One of the machines in the pump has a full disk, and the drainer does not proceed after cleaning

Note:
This topic has been translated from a Chinese forum by GPT and might contain errors.

Original topic: pump有一台机器磁盘满了,清理后drainer不走

| username: kuweilong666

[TiDB Usage Environment] Production Environment
[TiDB Version]
[Reproduction Path] What operations were performed when the issue occurred
[Encountered Issue: Issue Phenomenon and Impact]
The pumps on machines 157, 186, and 187, where the disk on the pump machine 157 was full, causing the pump to stop writing logs. After clearing out space, the drainer does not proceed and remains inactive.

[Resource Configuration]
[Attachments: Screenshots/Logs/Monitoring]

| username: WalterWj | Original post link

Try restarting the pump and drainer.

| username: CuteRay | Original post link

After cleaning up, restart the pump first.

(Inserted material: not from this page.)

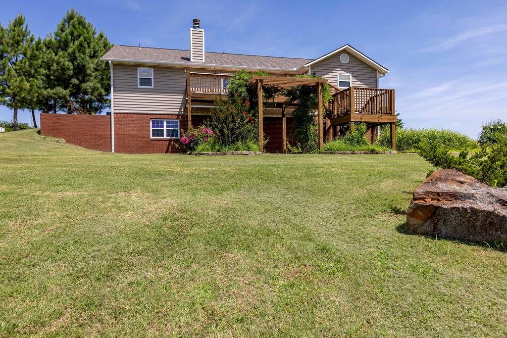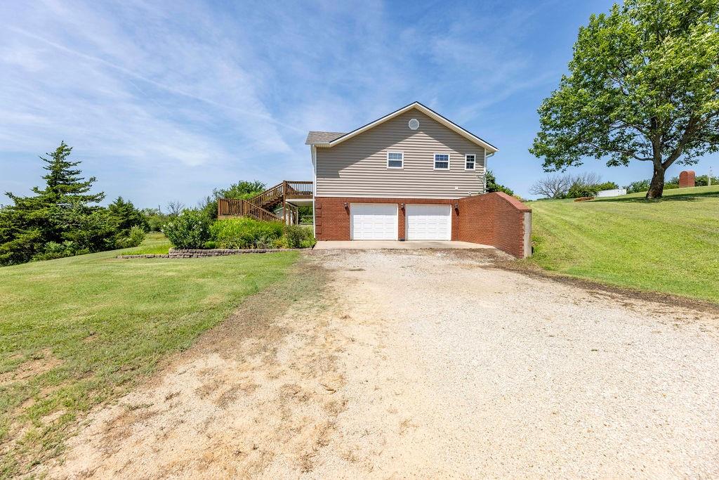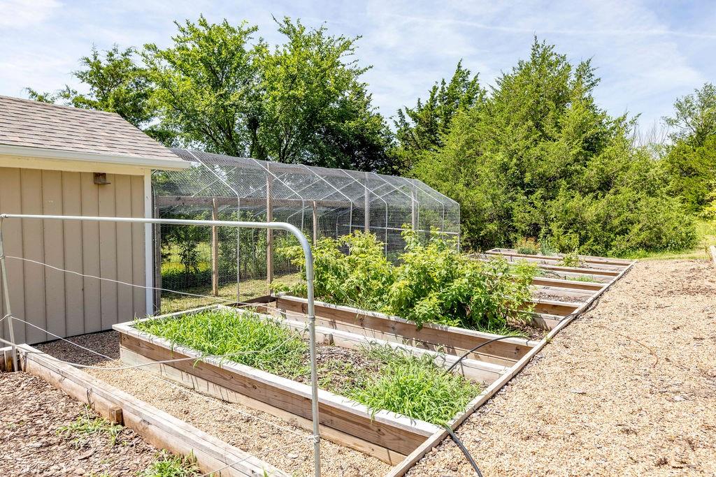 Perched on 3.9 acres, this Hillside Ranch offers 4-bedrooms, 3-bathrooms, 2-Car Garage, and a total of 2,364 sqft of thoughtfully designed living space. The expansive deck and covered patio provide priceless panoramic views over the city of Caney, making every sunrise and sunset a delight. The home’s main floor showcases ¾ rough-hewn oak floors, an open floor plan, wood burning/gas starter fireplace, primary bedroom with private bath, 2 additional bedrooms, 2nd full bathroom and French doors that lead you out onto the spacious deck. The full walkout basement features a second living area with 2nd fireplace, garage access, 4th bedroom and 3rd full bathroom — ideal for guests! The primary suite includes a whirlpool tub, a walk-in shower, and polished travertine tile. The HVAC is only 4 years old, the 60-gallon water heater is 3 years old, and the new roof was completed in the summer of 2024. Enjoy modern conveniences like a whole-house sediment RO water filtration system, a water booster pump, and garage door openers with a lifetime warranty. Outdoor enthusiasts and homesteaders will appreciate the stocked pond, an enclosed chicken coop and pen, 15 raised garden beds equipped with an irrigation system for growing fruits, vegetables, herbs, and even a vineyard assortment of grapes. Multiple fruit trees enhance this lush, landscaped property, which blooms beautifully in the spring with perennial flower beds. Additional features include a gardening/storage shed, a weather station, a south-side security camera with infrared, and energy-efficient LED lighting throughout the home. The photos of this home do not do it justice, experience the view, comfort and cozy hillside charm for yourself, call for a showing today! This Caney Heights Gem won't last for long,

| username: kuweilong666 | Original post link

Restarting the pump requires restarting the TiDB cluster, which is quite troublesome. The key point is that now the 157 pump is writing logs normally.

| username: CuteRay | Original post link

There’s no need for that. Why would you need to restart the TiDB cluster just to restart the pump? Each component of the TiDB cluster can be restarted individually.

| username: kuweilong666 | Original post link

The cluster startup operation will start all components of the entire TiDB cluster in the order of PD → TiKV → Pump → TiDB → TiFlash → Drainer → TiCDC → Prometheus → Grafana → Alertmanager.

| username: xingzhenxiang | Original post link

Try reload -N

| username: kuweilong666 | Original post link

4.0 uses ansible-playbook

| username: xingzhenxiang | Original post link

I have already tiup-ed 3.1.0.

| username: db_user | Original post link

This startup sequence just indicates the normal startup order for the entire TiDB cluster. Each component and each node can be started individually, and you can also change 4 to tiup.

Or try binlogctl

| username: kuweilong666 | Original post link

It’s working now. After individually restarting the pump on 157, the synchronization is normal.

| username: Raymond | Original post link

Is your binlog-ignore-error set to true?